Critics of the tax overhaul say it won’t accomplish what Republicans say it will. Analyses by the Joint Tax Committee and independent nonpartisan groups such as the Tax Policy Center show that working-class and ­middle-class Americans will receive modest benefits, while the wealthy will benefit from large cuts in a variety of taxes. And the Senate bill goes so far as making the corporate tax cuts permanent but the individual tax reductions temporary.

The deep divide over the tax plan can be seen in Henry’s home state. Pennsylvania’s Republican senator, Patrick J. Toomey, described the cuts last week as the “most pro-growth business reforms in over 30 years,” harking back to the last major overhaul plan, signed by President Ronald Reagan in 1986. Henry calls Toomey a “good friend.”

But Pennsylvania’s other senator, Democrat Robert P. Casey Jr., has charged that the tax bill is a “a giveaway to the super-rich and big corporations at the expense of some, even many, middle-class families.”

To Henry, who lives in a deeply conservative part of the state, there should be no doubt that a tax cut would help him — and the economy. Henry’s factory is about a mile from Lebanon’s historic downtown, just past a “help wanted” sign at a KFC and a “welder needed” sign outside a state office.

He describes his company as a boutique paper mill that takes bales of waste newspaper and cardboard — even candy wrappers from the nearby Hershey plant — and makes “engineered papier-mâché” that can be pressed into almost any shape. 

His father started out making biodegradable containers for florists and horticulturists, like the disposable flower containers you might see left behind at cemeteries. Now Henry makes specialized containers for shipping wine bottles, medicine vials, sump pumps and automobile wheels, among other products.

Lebanon County’s economy is bustling, with an unemployment rate of 3.7 percent, well below the national average.

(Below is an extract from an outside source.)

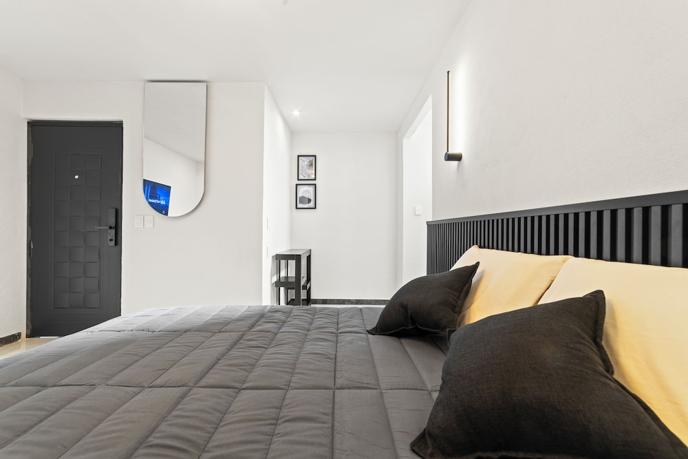 El cuarto fue reservado por 2 noches solo que lo usamos una noche, la cama tenia chinches y nos picaron, ya no no reembolsaron el dinero de la segunda noche. A primera vista se ve limpio l hotel pero ya en la noche esta mal que chinches nos picaron el la espalda y piernas. Matamos dos chinches pero (1:24am) ya no pudimos dormir. Si llegan a usar la cochera… NO lo hagan, se estacionan otros y no te puedes ir hasta que se despiertan y salen los otros huéspedes. En la pagina dice 400mts del centro,… otra mentira, esta a 983 mta caminando, ya que no puedes ir al centro en linea directa, entonces te hacen pensar que esta mucho mas cerca delo que realmente es, nosotros caminando en el centro entramos a ver otros hoteles y la verdad hay muchas opciones al mismo precio y mucho mejor

But Henry says he’s confident businesses like his can contribute even more to the economy.

“I’ve just been waiting to get called in,” he said, comparing his situation to sitting on the sidelines during a big football game.

His company generates more than $10 million a year in revenue, Henry says, and he gets a salary and draws profits from the company. Taxes on both probably would fall significantly in any overhaul.

“Maybe I can keep a few more shekels in my back pocket, but the vast majority gets reinvested in this company,” Henry said.

Still, he is hard-pressed to say exactly what he would do with a tax windfall.

He could be quicker to offer new products and go after new customers. And the tax cut could benefit many of the large manufacturers who buy his packaging, so demand for Henry’s product could soar. But growth is nothing new for Henry Molded Products. He added a new production line to his factory just six weeks ago — and finished another about four years ago. Each new line means 10 new workers. Wages range from $13 an hour to about $24 an hour, he said.

Times are good, Henry said, but they can always be better.

“We’re not going to roll over and go home,” he said.